(1.) appellant-plaintiff virayya filed o.s. No. 10 of 1978 before the civil judge, gadag, for partition and possession of his 1/2 share in the suit properties. The suit was dismissed on 6-8-1979. The plaintiff challenged this judgment in r.a. No. 41 of 1979 on the file of the additional district judge, dharwad. This appeal also came to be dismissed on 31-7-1982. Aggrieved by the said judgment, the plaintiff has filed this second appeal.
(2.) the following genealogy which is not disputed shows the relationship of the parties: shiddalingayya irayya (died in 1957) nagayya (died in 1917) -----------------------------------------------1 siddaya (deft. 1) virupaxayya (deft. 2) i i i i basayya nagayya sangayya veerayya (deft. 3) (deft. 4) (deft. 5) (plaintiff) as stated, the appellant-plaintiff filed the suit for partition and separate possession of his 1/2 share alleging that basawa, widow of nagayya took him in adoption on 5-5-1973. Defendant No. 2 is the natural father of the plaintiff whereas dcfendants-3 to 5 are his natural brothers. Siddayya, defendant-1 is the contesting defendant. He denied the adoption and contended that after the death of irayya, there has been a partition between defendants 1 and 2. The fact that the appellant was adopted on 5-5-1973 by basawa, widow of nagayya who died in 1917, is not disputed. The courts below have, on facts, held that there has been a partition between siddayya and virupaxayya in the year 1959. These are all questions of fact not liable to be disturbed in this second appeal.

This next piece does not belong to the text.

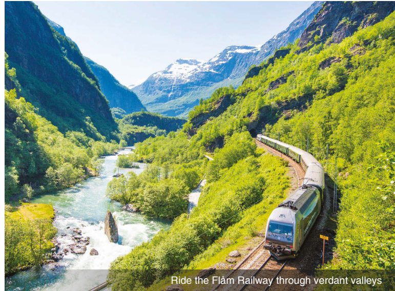
Ride the Flåm Railway through verdant valleys

DAY 1 Depart the USA: Today you'll depart the USA on your overnight flight to Stockholm, Sweden.

(3.) Sri k.i. bhatta, learned counsel for the appellant, points out that the right and title of late nagayya who died in the year 1917 had vested with his brother virupaxayya by survivorship and since there has been no partition between nagayya and irayya, the plaintiff should be held to have 1/2 share in the entire joint family property which his adoptive father nagayya would have got in a partition. To substantiate his contention, he relied on a decision in the case of vasant v dattu, AIR 1987 SC 398 wherein it is stated that the introduction of a member into a joint family, by birth or adoption, may have the effect of decreasing the share of the rest of the members of the joint family, but it would not involve any question of divesting any person of any estate vested in him and when a widow of a deceased coparcener adopts a child, Section 12 proviso (c) does not preculde the adopted child from claiming his share in the joint family properties for if a share is given to the adopted child there is no question of "divesting" any person of any estate which vested in him before adoption.